Description of the task »
From the line with "讲座上,徐老师分享了自己拍摄" to the line with "ต่างหูอะมีทิสต์ทรงกลมขนาด 4 มม.", output every line below exactly, both ends included. Skip the pictures.
+++ Dataset records +++
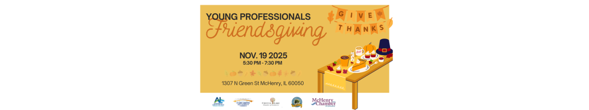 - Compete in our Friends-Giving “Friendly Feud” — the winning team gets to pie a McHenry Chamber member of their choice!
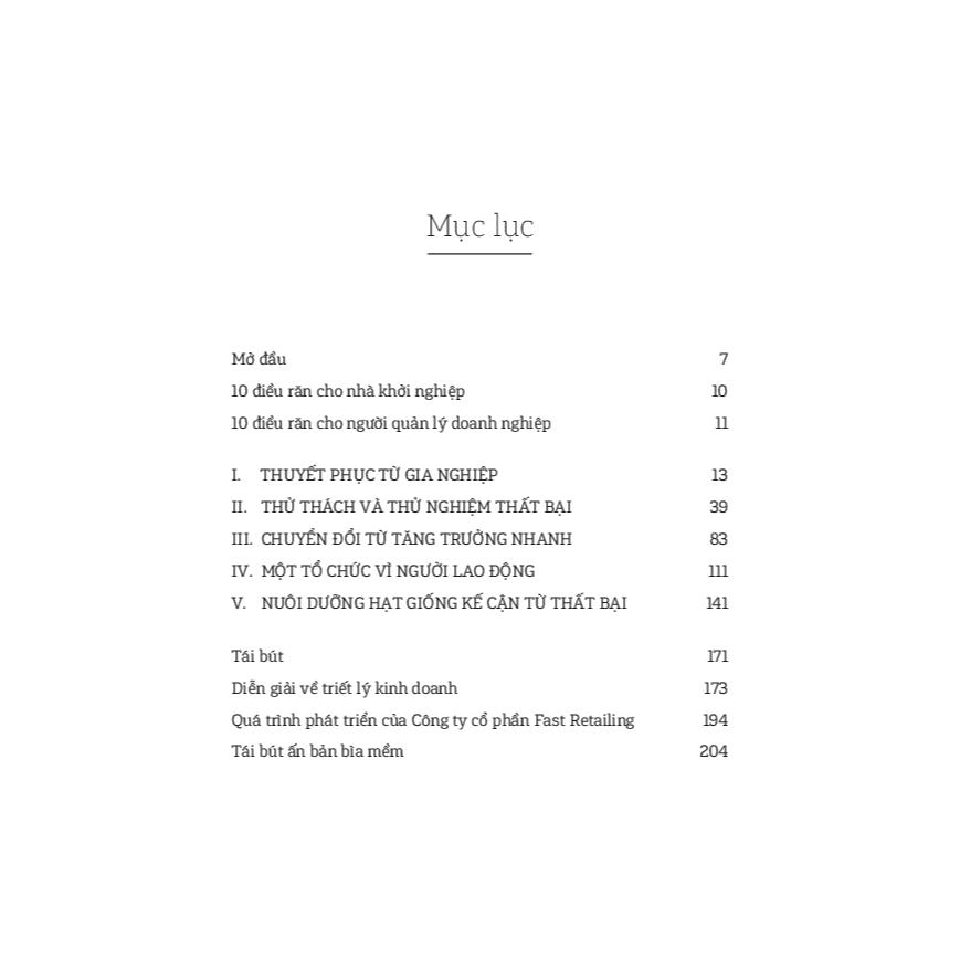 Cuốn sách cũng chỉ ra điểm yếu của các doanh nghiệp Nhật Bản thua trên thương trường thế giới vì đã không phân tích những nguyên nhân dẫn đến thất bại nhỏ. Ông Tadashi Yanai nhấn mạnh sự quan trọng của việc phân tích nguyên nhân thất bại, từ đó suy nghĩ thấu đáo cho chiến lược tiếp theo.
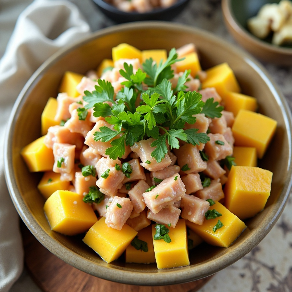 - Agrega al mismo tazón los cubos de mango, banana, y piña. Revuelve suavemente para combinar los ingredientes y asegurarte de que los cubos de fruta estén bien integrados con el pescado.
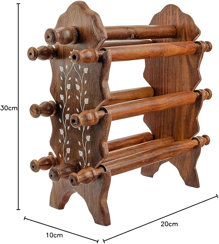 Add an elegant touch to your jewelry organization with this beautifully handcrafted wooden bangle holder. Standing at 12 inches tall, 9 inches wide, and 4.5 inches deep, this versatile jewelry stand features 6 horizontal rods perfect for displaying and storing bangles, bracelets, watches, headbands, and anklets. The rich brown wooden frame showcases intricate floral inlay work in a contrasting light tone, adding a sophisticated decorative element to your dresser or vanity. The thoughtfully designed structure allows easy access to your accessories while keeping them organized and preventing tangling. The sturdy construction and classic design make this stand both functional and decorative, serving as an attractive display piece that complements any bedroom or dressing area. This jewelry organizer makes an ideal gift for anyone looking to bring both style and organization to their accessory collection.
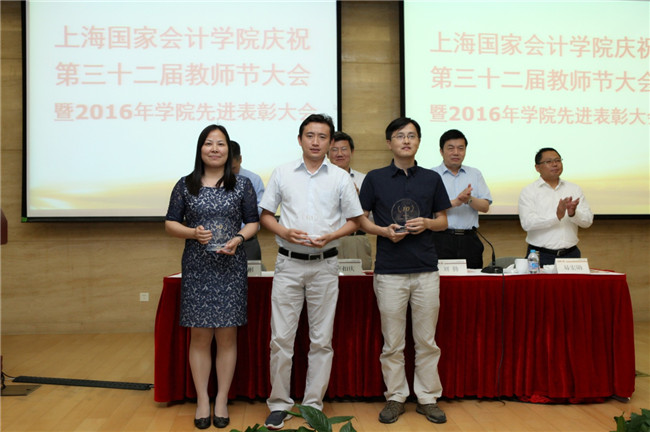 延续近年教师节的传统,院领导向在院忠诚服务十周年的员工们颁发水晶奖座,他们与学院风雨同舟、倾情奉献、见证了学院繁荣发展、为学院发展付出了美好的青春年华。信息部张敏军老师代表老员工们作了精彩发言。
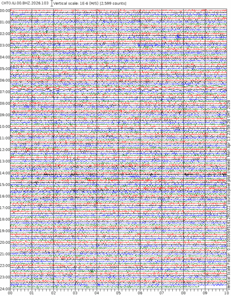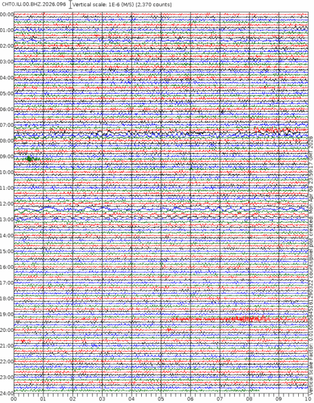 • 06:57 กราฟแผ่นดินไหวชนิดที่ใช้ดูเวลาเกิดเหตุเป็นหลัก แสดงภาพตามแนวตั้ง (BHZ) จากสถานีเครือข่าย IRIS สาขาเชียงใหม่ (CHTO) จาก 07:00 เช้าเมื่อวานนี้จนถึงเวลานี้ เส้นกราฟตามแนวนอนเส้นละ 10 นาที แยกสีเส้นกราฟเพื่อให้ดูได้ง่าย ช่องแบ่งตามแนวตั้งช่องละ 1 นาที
+++
+++ Dataset records +++
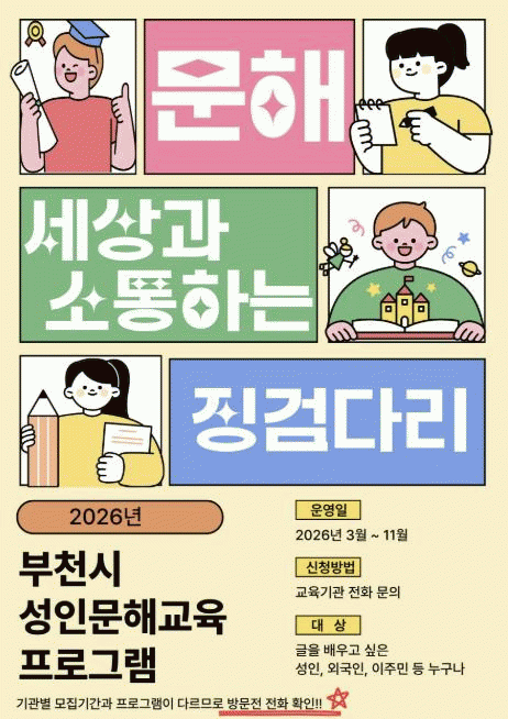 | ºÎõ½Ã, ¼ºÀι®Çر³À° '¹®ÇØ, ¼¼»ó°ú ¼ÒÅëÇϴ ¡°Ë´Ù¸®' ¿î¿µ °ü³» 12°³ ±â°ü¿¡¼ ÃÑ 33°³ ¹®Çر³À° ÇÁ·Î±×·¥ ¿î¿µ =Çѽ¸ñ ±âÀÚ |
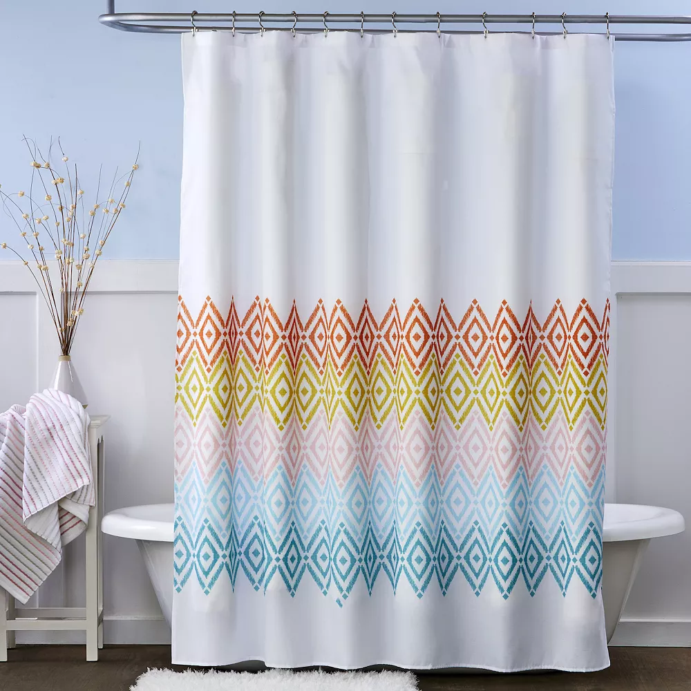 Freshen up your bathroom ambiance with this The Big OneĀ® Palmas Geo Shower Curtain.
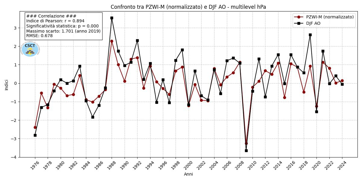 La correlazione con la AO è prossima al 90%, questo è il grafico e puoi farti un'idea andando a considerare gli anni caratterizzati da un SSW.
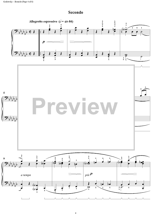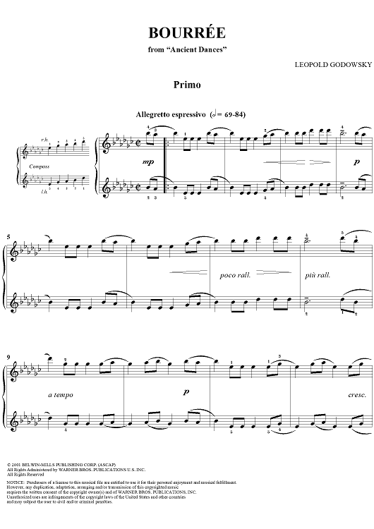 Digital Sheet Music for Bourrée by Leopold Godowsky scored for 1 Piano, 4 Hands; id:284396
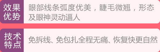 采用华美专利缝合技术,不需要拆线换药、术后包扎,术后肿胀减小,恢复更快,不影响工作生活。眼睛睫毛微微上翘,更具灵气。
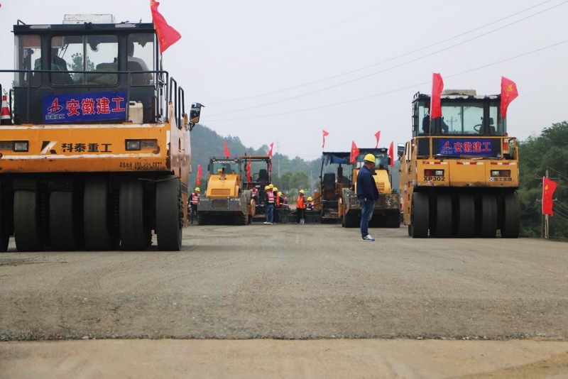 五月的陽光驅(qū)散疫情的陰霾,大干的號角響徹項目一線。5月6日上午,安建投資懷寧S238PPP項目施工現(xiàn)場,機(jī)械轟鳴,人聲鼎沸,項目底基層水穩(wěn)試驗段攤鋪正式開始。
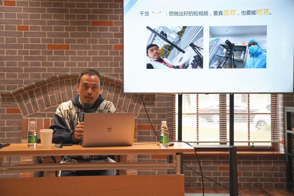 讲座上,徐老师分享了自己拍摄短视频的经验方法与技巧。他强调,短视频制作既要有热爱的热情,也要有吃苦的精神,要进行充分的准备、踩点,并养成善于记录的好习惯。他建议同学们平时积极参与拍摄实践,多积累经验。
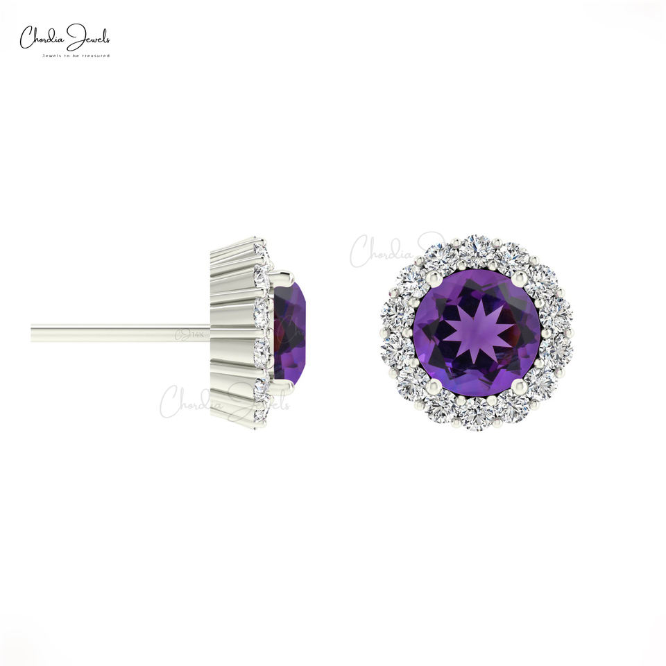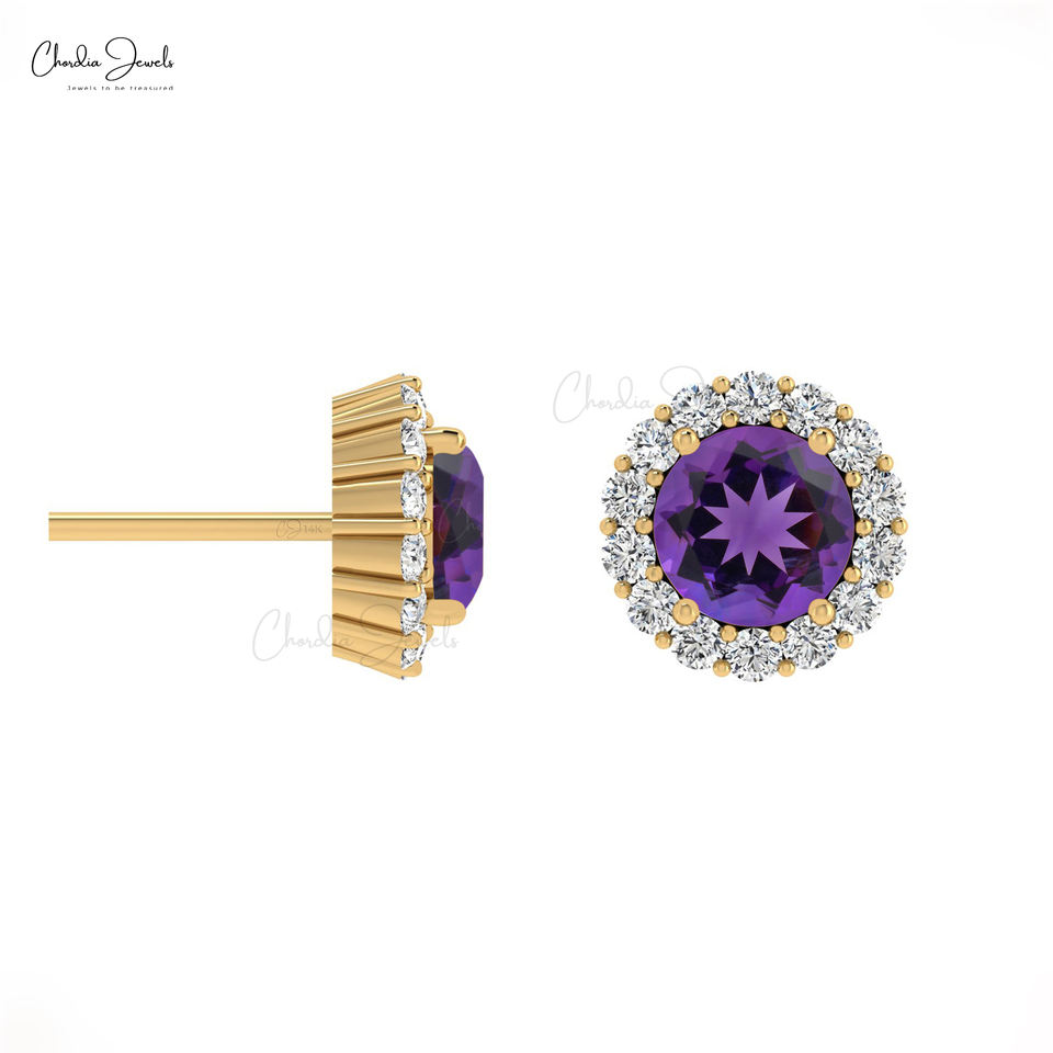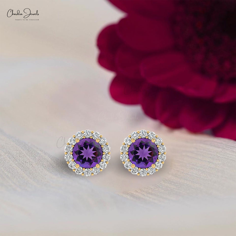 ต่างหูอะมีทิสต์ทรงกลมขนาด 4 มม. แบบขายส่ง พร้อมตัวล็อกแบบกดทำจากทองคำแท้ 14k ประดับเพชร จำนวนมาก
+++
+++ Dataset records +++
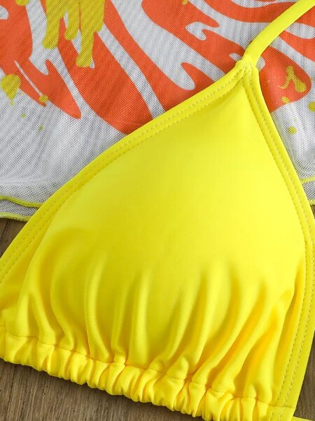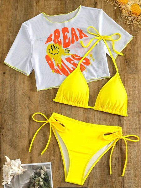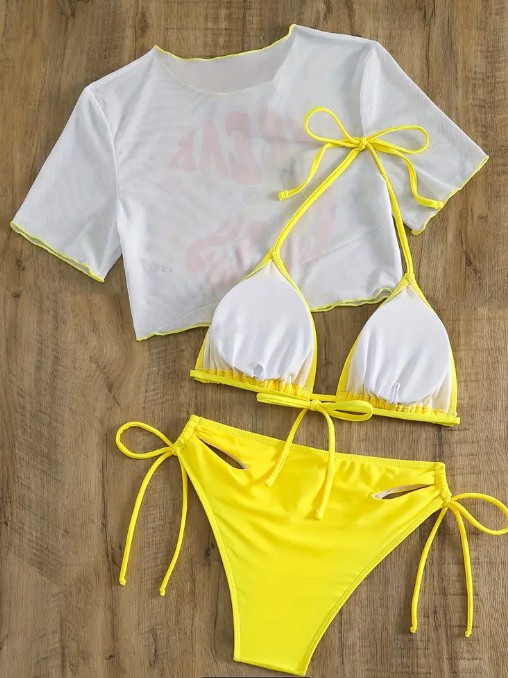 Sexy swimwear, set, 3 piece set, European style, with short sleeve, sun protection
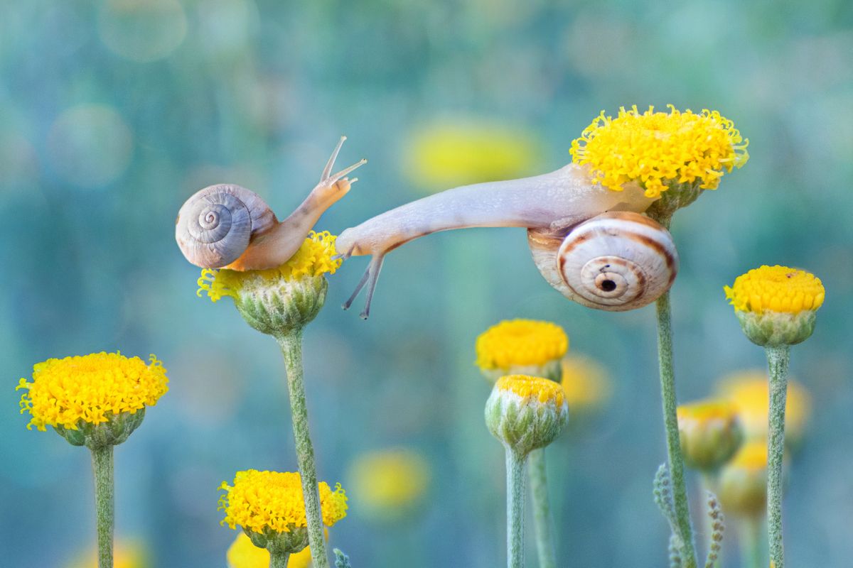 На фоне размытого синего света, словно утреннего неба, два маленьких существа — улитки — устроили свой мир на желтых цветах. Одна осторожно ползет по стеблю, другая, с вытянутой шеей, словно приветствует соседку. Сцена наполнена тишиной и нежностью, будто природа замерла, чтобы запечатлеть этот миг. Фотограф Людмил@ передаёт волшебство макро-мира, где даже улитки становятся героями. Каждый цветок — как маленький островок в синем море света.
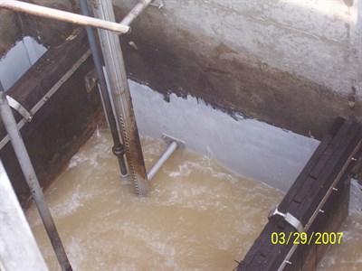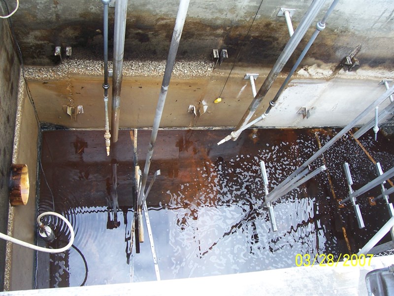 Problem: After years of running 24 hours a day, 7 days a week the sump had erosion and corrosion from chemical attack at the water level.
+++
Finished exercise »
 讲座上,徐老师分享了自己拍摄短视频的经验方法与技巧。他强调,短视频制作既要有热爱的热情,也要有吃苦的精神,要进行充分的准备、踩点,并养成善于记录的好习惯。他建议同学们平时积极参与拍摄实践,多积累经验。
 ต่างหูอะมีทิสต์ทรงกลมขนาด 4 มม. แบบขายส่ง พร้อมตัวล็อกแบบกดทำจากทองคำแท้ 14k ประดับเพชร จำนวนมาก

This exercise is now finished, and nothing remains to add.